History and Hope
The scepter will not depart from Judah,
nor the ruler’s staff from between his feet,
until he comes to whom it belongs
and the obedience of the nations is his.
Genesis 49:10 (New International Version)
The NIV text notes to this verse in Genesis indicate the translators’ uncertainty about the words “until he comes to whom it belongs.” Maybe the text means, “until the one to whom tribute belongs.” Maybe it would be best to leave the word untranslated: “until Shiloh comes.”
Some context: Genesis 49:2-27 is the prophecy of Jacob regarding his sons. Jacob, whose name had been changed to Israel, was living in Egypt and nearing death. What might be called the “poem of the tribes” predicts the future of Israel’s descendants after they leave Egypt and return to the land God promised Abraham. The poem is a kind of “history in advance.” The intended readers of this story—Jewish people living much, much later—would see in Jacob’s prophecy an accurate description of the roles of the tribes. Reuben, the poem says, though the first of Jacob’s sons, would no longer be preeminent among the tribes. Simeon and Levi would be dispersed among the tribes, not having land of their own. And so on.
Judah, of course, is the tribe of David. According to the familiar story in 1 Samuel, the Benjamite Saul was the first king of Israel. But Saul failed as king, and David was the one who effectively united the tribes and established Jerusalem as the nation’s capitol. So when Jacob’s prophecy says, “the scepter will not depart from Judah,” later readers would understand this as referring to the Davidic line of rulers.
Passages like this tempt some Bible readers to launch into debates over prophecy and historicity. Did Jacob really predict the future of Israel? Were any of the characters of Genesis, including Jacob, actual persons? Shouldn’t we read Genesis as a collection of legends?
It is a mistake to spend much energy on such questions. They distract us from grasping fundamental biblical ideas. Whether or not Jacob was an actual person who said precisely these words or only a name in the national mythology, the prophecy embodies a Jewish understanding of history. History is going some place. There are worldviews in which time is circular, an eternal repetition of seasons, lives, or epochs—as in Nietzsche’s idea of the eternal return or in the Hindu doctrine of reincarnation. But the biblical view of history has a beginning, a middle, and an end. In the Jewish view, the world is not the scene of endless cycles, because the God of the Bible acts in history. When God creates or redeems or makes a covenant, something new happens.
Sometimes this biblical view of history looks back. Soon after Jacob’s death, some of his sons feared that Joseph would finally take revenge on them for the way they treated him. Joseph told his brothers that they should not reproach themselves for having sold him into slavery in Egypt.

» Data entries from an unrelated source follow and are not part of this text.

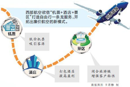 廉價航空如何構(gòu)建自己的商業(yè)生態(tài)?這是宣布轉(zhuǎn)型低成本后的西部航空的一大難題。昨日,商報記者獲悉,為打開局面,西部航空宣布拉長產(chǎn)業(yè)鏈,進軍旅游市場,將重點打造“機票+酒店”的組合旅游模式,探路低成本航空運作商業(yè)生態(tài)鏈。這意味著西部航空的盈利觸角,將延伸到下游的在線旅游市場。對此,在線旅游服務(wù)企業(yè)表示,歡迎航空公司打包產(chǎn)品通過他們來銷售,但航空公司若想壟斷資源來搶食,恐不受歡迎。
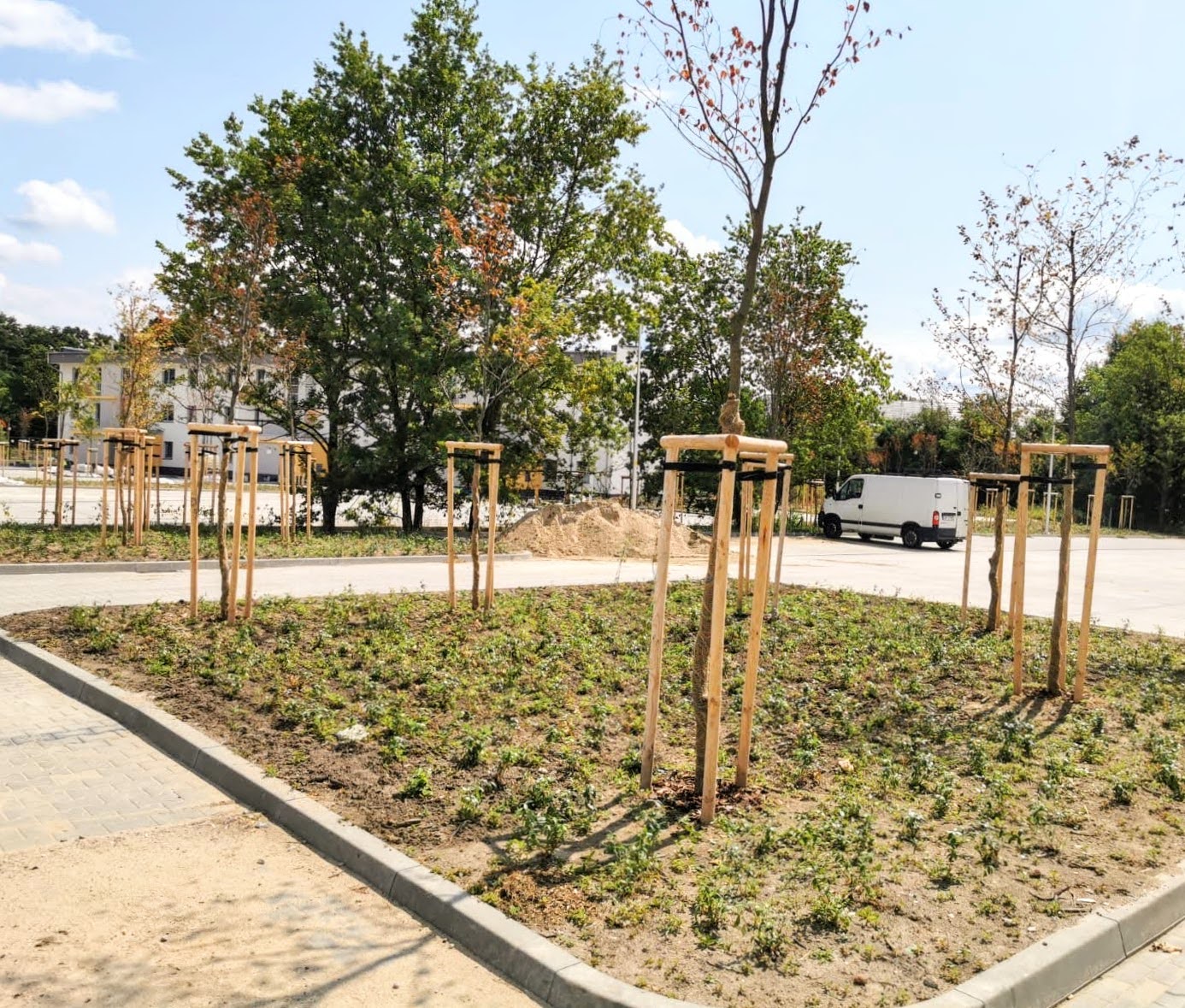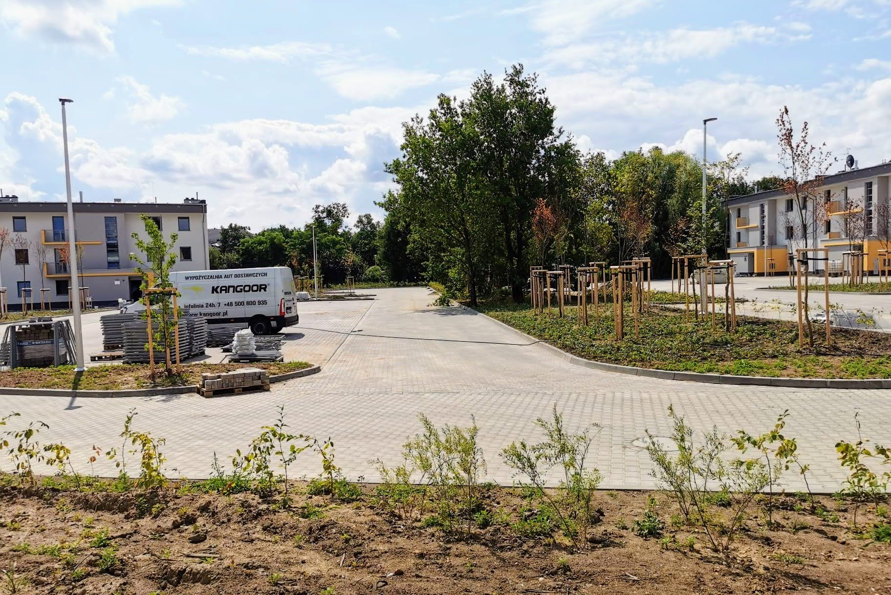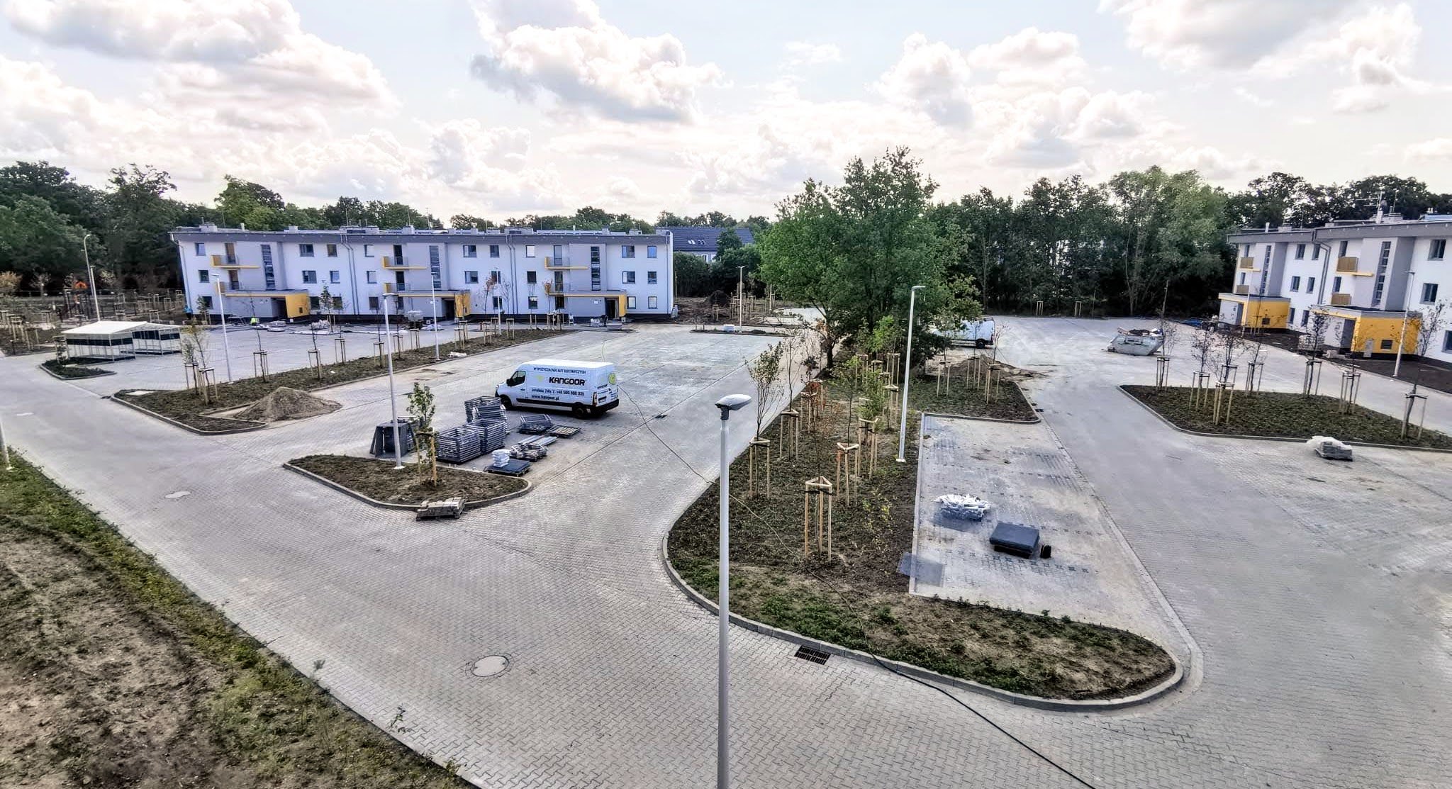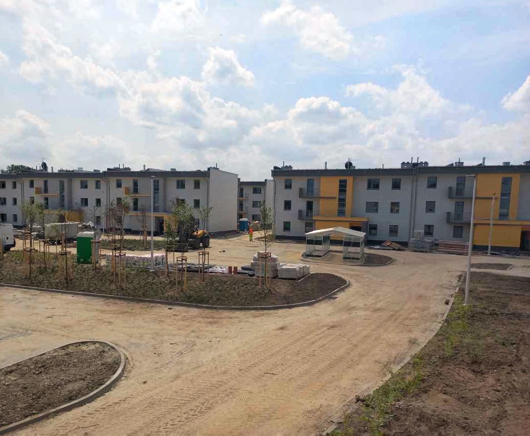 - na terenie osiedla trwają prace na terenach zewnętrznych: budowane są drogi wewnętrzne oraz place,
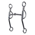 The two-piece twisted wire mouthpiece is slightly more aggressive than a smooth mouthpiece, which demands more response and respect from the horse.
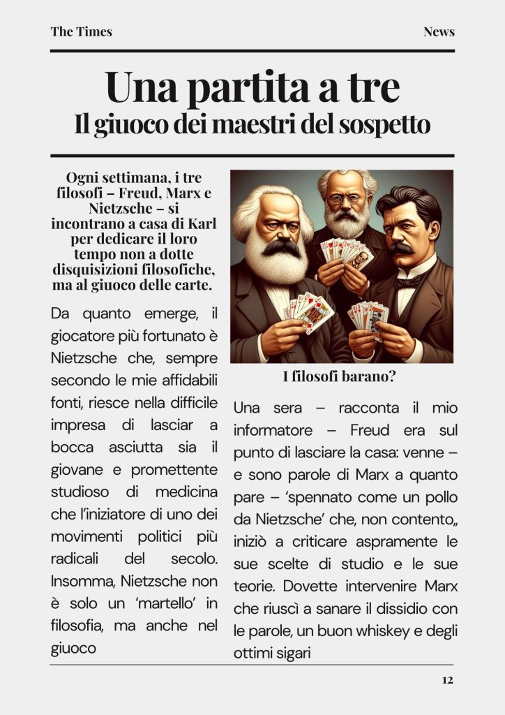 «Marx, Freud e Nietzsche si incontravano a casa di Marx a Londra per giocare a carte, ma…».

Yes, they acted out of spite and cruelty, but what the brothers intended for evil God turned into good. Joseph interprets the past in the light of the God who acts in history.
Other times the biblical view looks forward. Not only has God acted in the past, he will act in the future. God will fulfill his gracious promises to his people. The difficult phrase in Genesis 49:10 speaks of the future. Jacob’s prophecy says, “the scepter will not depart from Judah … until Shiloh comes…”
Interpreters debate how these words should be translated, and their meaning is even more contested. Christians have traditionally read the verse as a messianic prophecy fulfilled in Jesus. Naturally, Jewish readers disagree. But both sides agree on the fundamental assumption, that the God of the Bible has plans for the future. That means hope is an essential element of biblical religion.
People who believe in a God who acts in history will orient their thinking toward the things God intends to do. They believe God has promised a good future. Therefore, no matter how bleak current circumstances may be, people who believe in the biblical God have grounds for hope.
Perhaps I can make my point clearer this way. Given the biblical view of history, salvation should not be understood as escape out of the world. That is a metaphor of place, where salvation means going to heaven. Unfortunately, many Christians think in these spatial terms: “This world is not my home; I’m just passing through.”
A temporal metaphor better fits the New Testament. In the New Testament, salvation is the coming new age. The new era begins with Jesus, so in one sense his followers already live in the new age. But Christians look forward to Jesus’ return, to the full flowering of the Kingdom of God. We live in hope.